Tuesday, November 25, 2008

Choroid Plexus Cysts

“Are cysts a bad thing?” I asked the sonographer who was rubbing her instrument on Sally’s lubricated belly. She had been zooming in on pictures of various parts of our baby, who has 21 weeks of in utero growth under his or her proverbial belt. The sonographer had applied various labels to the pictures she was taking: leg, hand, heart, stomach. When she got to “cyst,” I asked the question off-handedly, without thinking how I would respond if she said “yes.”



“Not always,” the sonographer said. I immediately wanted to take off my coat, as the temperature in the room had suddenly jumped. Trying to joke, as is my custom, I said, “you know, I probably wouldn’t have asked that question if I thought you’d say that.” I moved away from the monitor, where I had been watching closely, to hold Sally’s hand.



Linda, the sonographer (who had a terrible head cold and paused now and then to cough up and spit out phlegm), said later in a sweet west Texas drawl, “I generally don’t say anything while I’m looking at something. And some people, it goes right over their heads; they don’t notice you paying particular attention to one thing or another. But if someone asks me, I’m not going to lie to ‘em and say there’s nothing there.”

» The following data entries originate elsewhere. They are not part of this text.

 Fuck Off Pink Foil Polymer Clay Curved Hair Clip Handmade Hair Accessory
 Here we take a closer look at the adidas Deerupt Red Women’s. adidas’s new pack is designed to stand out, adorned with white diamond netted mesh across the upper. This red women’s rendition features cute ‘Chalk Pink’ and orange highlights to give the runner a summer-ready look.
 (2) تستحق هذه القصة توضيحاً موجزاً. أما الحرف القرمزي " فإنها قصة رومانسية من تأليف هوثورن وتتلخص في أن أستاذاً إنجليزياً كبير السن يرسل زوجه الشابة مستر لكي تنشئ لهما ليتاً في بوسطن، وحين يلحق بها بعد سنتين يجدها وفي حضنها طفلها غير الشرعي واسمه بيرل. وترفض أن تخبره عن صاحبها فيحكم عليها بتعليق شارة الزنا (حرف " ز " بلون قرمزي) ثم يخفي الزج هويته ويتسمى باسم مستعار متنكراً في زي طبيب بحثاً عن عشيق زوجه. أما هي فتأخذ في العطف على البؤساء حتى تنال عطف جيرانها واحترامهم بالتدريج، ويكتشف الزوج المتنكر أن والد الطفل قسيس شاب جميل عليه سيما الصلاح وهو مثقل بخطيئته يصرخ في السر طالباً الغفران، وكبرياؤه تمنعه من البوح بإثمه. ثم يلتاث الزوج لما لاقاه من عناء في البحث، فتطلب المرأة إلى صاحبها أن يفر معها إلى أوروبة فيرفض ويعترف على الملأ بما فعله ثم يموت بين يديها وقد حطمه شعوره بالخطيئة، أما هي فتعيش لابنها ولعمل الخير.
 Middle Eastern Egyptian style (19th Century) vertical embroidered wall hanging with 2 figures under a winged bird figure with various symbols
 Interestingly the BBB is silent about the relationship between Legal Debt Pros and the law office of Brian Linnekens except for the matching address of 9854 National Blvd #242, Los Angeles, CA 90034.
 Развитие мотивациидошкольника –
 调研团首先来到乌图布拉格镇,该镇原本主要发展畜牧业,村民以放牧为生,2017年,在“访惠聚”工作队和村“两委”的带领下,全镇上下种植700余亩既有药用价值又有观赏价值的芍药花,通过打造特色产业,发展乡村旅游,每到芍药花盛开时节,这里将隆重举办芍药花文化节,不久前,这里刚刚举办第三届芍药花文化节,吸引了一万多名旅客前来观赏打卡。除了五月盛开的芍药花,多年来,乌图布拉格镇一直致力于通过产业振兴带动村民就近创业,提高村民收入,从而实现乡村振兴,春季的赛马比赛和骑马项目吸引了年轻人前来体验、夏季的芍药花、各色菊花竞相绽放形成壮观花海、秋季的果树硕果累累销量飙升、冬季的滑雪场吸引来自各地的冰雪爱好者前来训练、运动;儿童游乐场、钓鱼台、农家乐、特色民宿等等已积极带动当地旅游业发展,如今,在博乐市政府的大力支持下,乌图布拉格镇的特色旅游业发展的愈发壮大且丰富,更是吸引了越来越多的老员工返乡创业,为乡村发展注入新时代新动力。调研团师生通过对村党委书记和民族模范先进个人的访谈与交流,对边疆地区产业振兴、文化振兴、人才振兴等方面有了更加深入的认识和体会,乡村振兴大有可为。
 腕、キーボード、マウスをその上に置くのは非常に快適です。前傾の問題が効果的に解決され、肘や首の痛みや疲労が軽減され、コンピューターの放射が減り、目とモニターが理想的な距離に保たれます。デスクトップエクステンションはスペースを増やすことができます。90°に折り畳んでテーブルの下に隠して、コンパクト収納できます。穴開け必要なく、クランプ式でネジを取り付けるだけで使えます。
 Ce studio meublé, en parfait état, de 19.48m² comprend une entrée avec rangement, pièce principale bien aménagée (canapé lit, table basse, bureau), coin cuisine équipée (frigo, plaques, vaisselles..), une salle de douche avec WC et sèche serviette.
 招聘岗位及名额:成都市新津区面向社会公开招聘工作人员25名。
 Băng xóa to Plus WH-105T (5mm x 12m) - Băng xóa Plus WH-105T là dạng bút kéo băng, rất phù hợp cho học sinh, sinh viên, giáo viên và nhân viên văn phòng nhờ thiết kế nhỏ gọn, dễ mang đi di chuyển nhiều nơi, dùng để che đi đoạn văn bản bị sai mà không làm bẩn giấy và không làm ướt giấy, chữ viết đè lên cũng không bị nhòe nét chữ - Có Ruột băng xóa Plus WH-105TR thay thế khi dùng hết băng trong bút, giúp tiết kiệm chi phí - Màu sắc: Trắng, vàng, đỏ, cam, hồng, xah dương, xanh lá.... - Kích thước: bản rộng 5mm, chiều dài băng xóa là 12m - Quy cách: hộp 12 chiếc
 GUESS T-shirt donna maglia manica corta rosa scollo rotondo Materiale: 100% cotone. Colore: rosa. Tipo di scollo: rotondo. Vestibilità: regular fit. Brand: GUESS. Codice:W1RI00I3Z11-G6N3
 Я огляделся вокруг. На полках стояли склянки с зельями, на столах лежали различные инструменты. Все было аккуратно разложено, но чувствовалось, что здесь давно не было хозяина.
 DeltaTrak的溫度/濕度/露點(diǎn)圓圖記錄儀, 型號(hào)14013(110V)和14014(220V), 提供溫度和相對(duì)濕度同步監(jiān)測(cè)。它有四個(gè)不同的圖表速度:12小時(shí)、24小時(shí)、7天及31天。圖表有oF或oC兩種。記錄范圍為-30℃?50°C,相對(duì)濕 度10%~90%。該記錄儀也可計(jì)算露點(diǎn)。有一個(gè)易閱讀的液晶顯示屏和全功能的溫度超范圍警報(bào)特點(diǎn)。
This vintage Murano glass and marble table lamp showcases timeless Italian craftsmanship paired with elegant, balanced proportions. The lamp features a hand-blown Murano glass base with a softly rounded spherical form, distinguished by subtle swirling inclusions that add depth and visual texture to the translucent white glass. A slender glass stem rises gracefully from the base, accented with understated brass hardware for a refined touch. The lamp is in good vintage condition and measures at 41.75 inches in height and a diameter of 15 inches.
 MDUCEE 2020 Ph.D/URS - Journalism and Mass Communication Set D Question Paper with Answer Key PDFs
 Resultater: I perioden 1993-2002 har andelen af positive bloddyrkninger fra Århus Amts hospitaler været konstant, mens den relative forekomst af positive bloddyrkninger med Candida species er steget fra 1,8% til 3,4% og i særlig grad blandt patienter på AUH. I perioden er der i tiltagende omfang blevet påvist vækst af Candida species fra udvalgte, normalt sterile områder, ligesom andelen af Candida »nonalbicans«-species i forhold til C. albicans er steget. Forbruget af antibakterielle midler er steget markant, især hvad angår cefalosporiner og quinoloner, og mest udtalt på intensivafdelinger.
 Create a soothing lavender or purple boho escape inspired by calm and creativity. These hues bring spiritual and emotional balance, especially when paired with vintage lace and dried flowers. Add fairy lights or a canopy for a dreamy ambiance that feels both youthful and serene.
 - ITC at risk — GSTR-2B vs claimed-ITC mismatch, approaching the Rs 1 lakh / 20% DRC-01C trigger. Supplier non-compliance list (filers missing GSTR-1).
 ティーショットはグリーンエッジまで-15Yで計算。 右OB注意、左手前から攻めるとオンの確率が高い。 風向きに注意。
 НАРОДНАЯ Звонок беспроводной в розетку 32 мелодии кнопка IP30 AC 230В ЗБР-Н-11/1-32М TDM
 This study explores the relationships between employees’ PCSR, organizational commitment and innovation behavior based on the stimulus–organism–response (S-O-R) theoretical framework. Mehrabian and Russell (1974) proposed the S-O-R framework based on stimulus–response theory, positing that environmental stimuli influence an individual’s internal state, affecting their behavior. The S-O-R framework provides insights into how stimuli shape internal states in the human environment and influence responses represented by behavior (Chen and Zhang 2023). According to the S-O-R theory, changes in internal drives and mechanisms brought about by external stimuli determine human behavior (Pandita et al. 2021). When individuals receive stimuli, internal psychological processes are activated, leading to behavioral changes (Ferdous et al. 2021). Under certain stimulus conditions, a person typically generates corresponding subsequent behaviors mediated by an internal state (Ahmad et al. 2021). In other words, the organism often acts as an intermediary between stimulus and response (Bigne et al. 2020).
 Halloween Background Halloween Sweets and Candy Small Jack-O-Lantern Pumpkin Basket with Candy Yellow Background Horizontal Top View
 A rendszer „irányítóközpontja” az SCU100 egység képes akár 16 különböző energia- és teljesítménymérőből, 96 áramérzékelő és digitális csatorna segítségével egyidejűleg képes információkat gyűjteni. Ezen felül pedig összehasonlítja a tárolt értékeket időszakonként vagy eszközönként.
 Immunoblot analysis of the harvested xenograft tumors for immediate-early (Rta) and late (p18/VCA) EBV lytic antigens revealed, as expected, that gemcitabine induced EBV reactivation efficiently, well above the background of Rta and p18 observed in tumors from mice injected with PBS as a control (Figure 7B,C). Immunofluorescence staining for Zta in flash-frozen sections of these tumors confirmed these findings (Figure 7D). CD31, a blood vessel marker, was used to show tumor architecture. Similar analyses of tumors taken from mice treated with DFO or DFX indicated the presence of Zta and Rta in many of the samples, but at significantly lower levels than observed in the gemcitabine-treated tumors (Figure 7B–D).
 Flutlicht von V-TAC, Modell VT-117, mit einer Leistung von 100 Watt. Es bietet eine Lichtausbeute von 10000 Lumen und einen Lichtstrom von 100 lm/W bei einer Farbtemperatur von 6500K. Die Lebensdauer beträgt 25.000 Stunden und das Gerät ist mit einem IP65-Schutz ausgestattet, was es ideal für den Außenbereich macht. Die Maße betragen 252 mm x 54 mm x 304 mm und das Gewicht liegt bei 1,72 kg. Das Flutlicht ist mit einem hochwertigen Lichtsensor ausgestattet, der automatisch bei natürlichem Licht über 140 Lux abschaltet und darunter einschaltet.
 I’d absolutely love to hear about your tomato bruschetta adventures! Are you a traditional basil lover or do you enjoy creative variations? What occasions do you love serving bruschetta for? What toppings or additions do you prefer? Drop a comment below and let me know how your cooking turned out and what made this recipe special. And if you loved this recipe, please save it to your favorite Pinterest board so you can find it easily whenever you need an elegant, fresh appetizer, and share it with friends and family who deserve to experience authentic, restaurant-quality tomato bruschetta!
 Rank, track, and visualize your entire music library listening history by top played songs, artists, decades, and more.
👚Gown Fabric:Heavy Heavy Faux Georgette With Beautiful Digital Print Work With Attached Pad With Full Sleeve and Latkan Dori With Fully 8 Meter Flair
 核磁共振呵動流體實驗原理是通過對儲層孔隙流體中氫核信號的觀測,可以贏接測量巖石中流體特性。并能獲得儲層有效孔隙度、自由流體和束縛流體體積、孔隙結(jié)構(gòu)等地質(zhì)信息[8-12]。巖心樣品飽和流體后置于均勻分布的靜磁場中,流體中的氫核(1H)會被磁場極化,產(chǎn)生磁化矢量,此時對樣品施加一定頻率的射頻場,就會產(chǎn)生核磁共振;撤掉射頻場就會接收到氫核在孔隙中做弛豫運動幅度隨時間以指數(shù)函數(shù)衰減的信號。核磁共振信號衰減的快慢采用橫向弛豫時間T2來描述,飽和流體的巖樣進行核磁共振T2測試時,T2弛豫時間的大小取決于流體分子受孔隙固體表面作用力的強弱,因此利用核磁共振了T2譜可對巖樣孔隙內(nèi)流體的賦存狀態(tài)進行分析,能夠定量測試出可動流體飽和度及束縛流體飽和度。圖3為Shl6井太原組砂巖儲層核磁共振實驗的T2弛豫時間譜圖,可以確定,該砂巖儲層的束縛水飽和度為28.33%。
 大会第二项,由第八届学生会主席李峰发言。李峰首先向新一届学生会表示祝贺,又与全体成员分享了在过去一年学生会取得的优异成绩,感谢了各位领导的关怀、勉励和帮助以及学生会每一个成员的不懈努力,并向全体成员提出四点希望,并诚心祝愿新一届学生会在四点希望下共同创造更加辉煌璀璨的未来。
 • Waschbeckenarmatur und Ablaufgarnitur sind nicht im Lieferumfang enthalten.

“Not always” turns out to be “very rarely,” but we’re still shaken by these two symmetrical black dots in the cross-section of our child’s head. Linda described them as two choroid plexus cysts (abbreviated as “CPCs”) in the brain of our little baby. CPCs are sometimes a signal of chromosomal disorders, but Linda did not give us any details. We immediately thought Down’s Syndrome, and spoke our concern, but Linda just said that incidence of any disorder is rare---even with markers. She did note that when CPCs are present, she looks very carefully for other markers. Sally and I noticed that she took a very long look at the heart. While noting that it clearly has four chambers, Linda could not get a good view of blood coming in and going out. Likewise, she couldn’t get a good look at the kid’s nose, the septum of which apparently would have told us something. We didn’t talk to a doctor during this appointment, so we immediately started Googling CPCs on the way home. From the UC, San Francisco website:



The choroid plexus is the part of the brain that makes cerebrospinal fluid, the fluid that normally bathes and protects the brain and spinal column. In about 1 percent to 2 percent of normal babies -- 1 out of 50 to 100 -- a tiny bubble of fluid is pinched off as the choroid plexus forms. This appears as a cyst inside the choroid plexus at the time of ultrasound. A choroid plexus cyst can be likened to a blister and is not considered a brain abnormality.




When they occur, these cysts almost always disappear in normal gestation, and don’t cause any trouble for the baby. The cause for concern, and the reason Linda was taking so many pictures of them, is that CPCs have a loose correlation with a nasty chromosomal disorder called Trisomy 18. If your kid has Trisomy 18, meaning that he or she carries an extra copy of chromosome 18, then the kid is going to have big problems. Likely, the child would be stillborn and almost certainly would not live beyond infancy. While these facts are jolting, the numbers are in our baby’s favor. Trisomy 18 afflicts fewer than one of every hundred children with CPCs. From our amateur internet research, it is not clear that Down’s Syndrome has any correlation with CPCs, even a one-in-a-hundred connection like Trisomy 18.



Sally read a lot more than I did last night. I just wanted to see the numbers and get an idea for the rough odds. Knowing that it’s still a really long shot, I can put it out of my mind until we know more. As we sat there with Linda this afternoon, before I knew about Trisomy 18, I imagined myself as the long-term care provider for a child with Down's Syndrome. I pictured difficult social settings, hard decisions with educators, lamentation about lack of connection, and some fleeting moments of transcendence. With those images in my mind, I pray that I could raise a disabled child without bitterness; that I can be grateful for what has come, regardless of its form.